Product Requirements Document
Mesh: AI-Native Group Chat
A collaborative messaging platform where AI participates as a full teammate, not a bolted-on assistant. The AI listens, contributes when useful, stays silent when it has nothing to add, and quietly extracts structure from natural conversation.
Problem
Current AI integrations in team chat are either too passive (slash commands, search) or too aggressive (auto-replying to everything). Neither feels like collaboration. Teams want AI that behaves like a sharp teammate who happens to have perfect memory and infinite patience.
Core Thesis
The most important design decision for an AI teammate is not what it says. It is when it chooses to say nothing. An AI that talks too much is worse than no AI at all.
Target User
Small product/engineering teams (3-10 people) making fast decisions across multiple workstreams. Heavy Slack/Discord users frustrated by context loss and decision amnesia.
MVP Scope
1. Multi-user group chat
- Real-time messaging with user identity switching (demo mode)
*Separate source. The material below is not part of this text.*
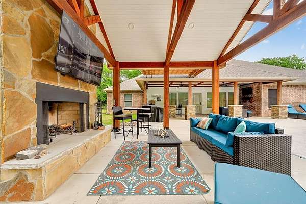 - Built-In Barbecue, Covered Patio/Porch, Fence, Fire Pit, Gas Grill, Lighting, RV Hookup, Rain Gutters

- Message grouping, timestamps, typing indicators
- Markdown rendering in AI messages
2. "When to speak" logic
- AI classifies every message: respond or stay silent
- Criteria: direct question, information gap, actionable request = respond
- Criteria: casual banter, agreement, emotional conversation = stay silent
- Configurable activity level (slider from "only when asked" to "proactive")
- Visual indicator ("Mesh heard that") when AI chooses silence
3. Live context extraction
- Decisions, tasks, budget items, and links extracted automatically
- Context panel with timestamps and item counts per category
- Task checkboxes (mark as done/open)
- Budget summary with running totals
- Click any item to jump to the source message
- Items can be dismissed individually or cleared entirely
- Context is extracted even when AI stays silent
4. Guided demo with reveal
- Auto-play a scripted multi-user conversation with natural timing
- Demo shows AI choosing when to speak and when to stay silent
- One "human" participant is secretly the AI the whole time
- Reveal card at the end: "Marcus was the AI the whole time"
- Play/pause/skip controls with progress indicator
5. Room settings
- AI personality: Professional / Casual / Minimal
- Activity level: slider controlling response threshold
- Capability toggles: extract decisions, summarize, answer questions, suggest actions
- Custom AI name
6. Agent-to-agent messaging
- Each user has a personal AI agent that can act on their behalf
- When coordination is needed (scheduling, logistics), agents negotiate visibly in the chat
- Agent messages are visually distinct: indented, dashed borders, smaller avatars, "AGENT" pill
- Agents reference the human they represent (e.g., "Jordan's Agent")
- Demo includes a scheduling negotiation where two agents coordinate a meeting
7. Community-owned intelligence
- Room rules: natural language instructions the AI must follow in every response
- Thumbs up/down feedback on AI messages (visible on hover)
- Thumbs down prompts for a reason, which becomes a learned preference
- Thumbs up captures the message style as a positive signal
- Learned preferences shown as dismissible pills in settings
- Both room rules and learned preferences are injected into the AI system prompt
Technical Architecture
Stack
- Next.js 16, TypeScript, Tailwind CSS 4, shadcn/ui
- OpenAI GPT-4o (responses) + GPT-4o-mini (classification)
- Vercel AI SDK for structured generation and streaming
- SSE for token-by-token response streaming
- Geist Mono font throughout
API design
Single endpoint, two-phase approach:
- Decision phase (GPT-4o-mini, ~200ms): returns shouldRespond boolean and extracted context items. Fast and cheap.
- Response phase (GPT-4o, streamed): only runs if shouldRespond is true. Streams via SSE with metadata event first, then text chunks.
System prompt adapts to settings
Personality, activity level, and capability toggles are injected into the system prompt at request time. Activity level maps to specific behavioral guidance (e.g., level 25 = "almost never respond unless directly addressed").
What is NOT in MVP
- Authentication / user accounts
- Persistence beyond the session
- Real-time multi-user (WebSocket)
- File uploads or image generation
- Thread / reply support
- Multiple rooms
- Mobile native app
Success Metrics
- Demo viewer cannot tell which participant is the AI (reveal lands)
- AI stays silent on at least 30% of messages during natural conversation
- Context panel captures all key decisions and tasks without user prompting
- Response latency under 2 seconds for first token
Open Questions
- Should the AI be able to @mention specific users?
- How do we handle disagreements where the AI has a strong opinion?
- What is the right default activity level for new rooms?
- Should context items be editable by users, not just dismissable?